Hello all!
I’ve tried to use a ready-to-use image for my StarFive 2 with 8Gb of RAM but it can’t recognize that my board has 8Gb, it only sees half of it.
I used this image from Microsoft OneDrive
This build also doesn’t have dm_thin_pool module and a docker engine as the official documentation says. I’ve installed docker from the apt - but the docker service failed to start because of an issue with missed dm_thin_pool.
Then I write the Ubuntu 24.04 from ubuntu com/download/risc-v and try to test it. I can confirm that Ubuntu 24.04 sees all 8Gb of RAM and works well. I didn’t try to install docker but I can confirm that Ubuntu works with Ubuntu repositories and can upgrade from it.
Sorry, as I see this is a known issue but the fresh builds don’t contain a fix.
I know that debian builds are in development but still can’t understand why it is not fixed yet for 1.5 year 0_o ?
Nope. As I said before I opened the wiki and used a link to onedrive for the image.
Folks, I understand that it is a development board and a Debian development build, but I don’t understand why this small bug is present and needs to be fixed on the user side. As an example I shared that Ubuntu just works, so I suppose to think that the official build which is mentioned in the documentation or release notes will have a guide on how to fix this issue. Instead, I need to spend a few days just to google it and forum to find that it is a known issue.
Is it difficult to update documentation in time and make it more attractive and understandable for users?
This is indeed an annoying problem. The issue is not with the dtb file itself, but rather somewhere in the boot process. The same dtb is used in all flavors of the board with different memory sizes. It’s the job of u-boot to fixup the dtb before handling off to Linux.
starfive version:
upstream version:
Thus, all boot stages are tightly coupled (among other things). If you are using starfive2 image, then use their bootloader. If ubuntu, then ubuntu image+bootloader.

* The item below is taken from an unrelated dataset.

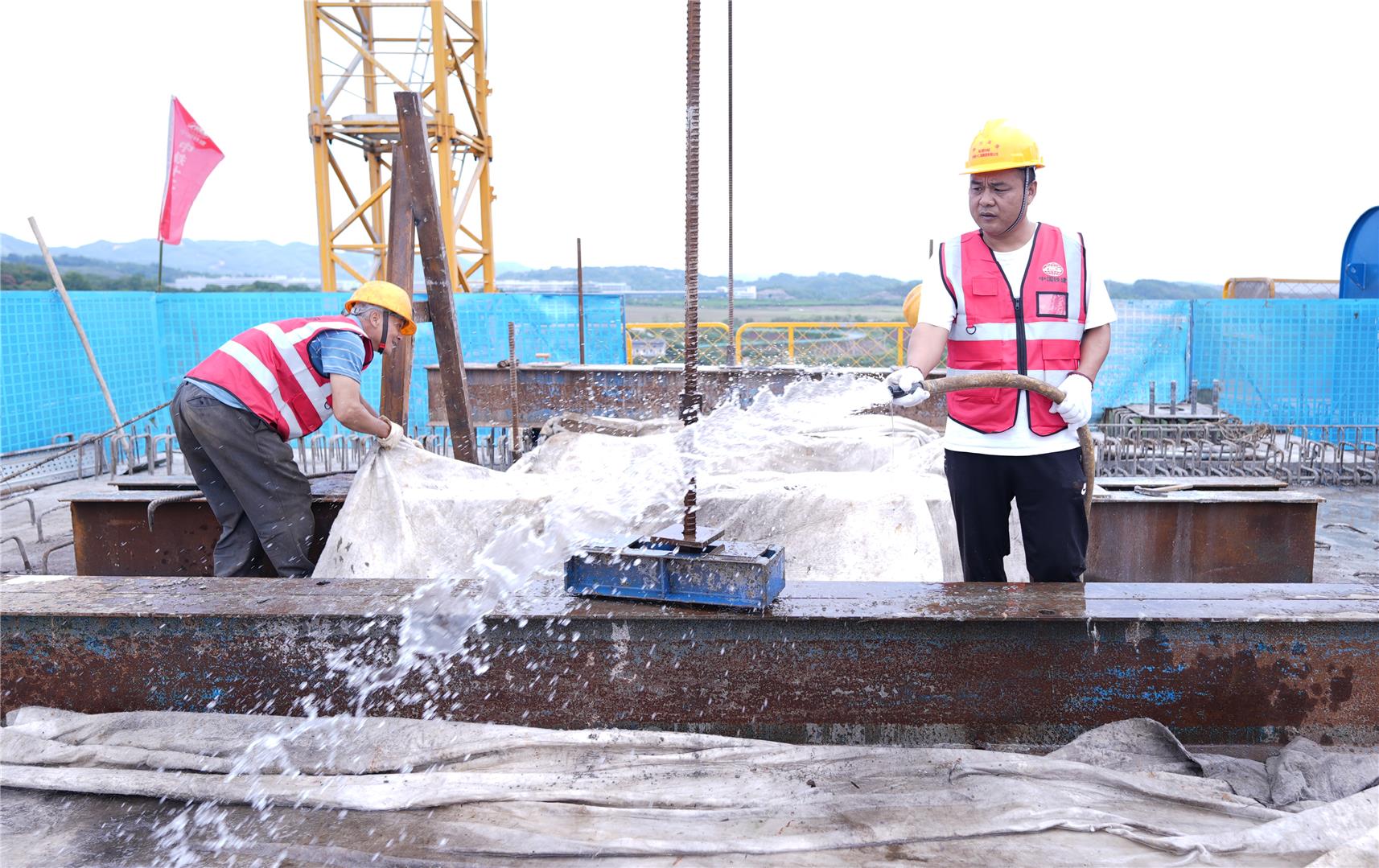 中铁十二局承担渝万高铁站前9标29.8公里施工任务。其中五布河双线特大桥全长1796米,共设计48个墩台,其中墩高超过50米的20个,跨越S207省道及长江支流五布河,为标段内重难点工程。

Don’t mix-and-match u-boot/opensbi/kernel+dtb binaries from upstream/starfive/ubuntu. starfive’s image is debian based, but it seems that there’s no upstream official image (Ref: InstallingDebianOn/StarFive/VisionFiveV2 - Debian Wiki)
My take on jh7110/vf2: the support is slowly getting there, but still there are drivers not yet upstreamed, and there’re potentially hw bugs involving PCIe: (Ref: Re: [PATCH v15,RESEND 22/23] PCI: starfive: Offload the NVMe timeout workaround to host drivers. - Kevin Xie) The starfive debian image is absolutely not production ready, as it’s known to break after an apt upgrade Ubuntu official image is probably more promising, but the lack of upstream GPU driver is still a big problem. To me this board is really for someone who’s deeply rooting for risc-v. If not, the ARM side of things are better candidates for you. Things might get better after framework’s new jh7110-based board: Framework | Introducing a new RISC-V Mainboard from DeepComputing I hope by that time Ubuntu/Fedora will have a reasonably usable image with GPU drivers, etc.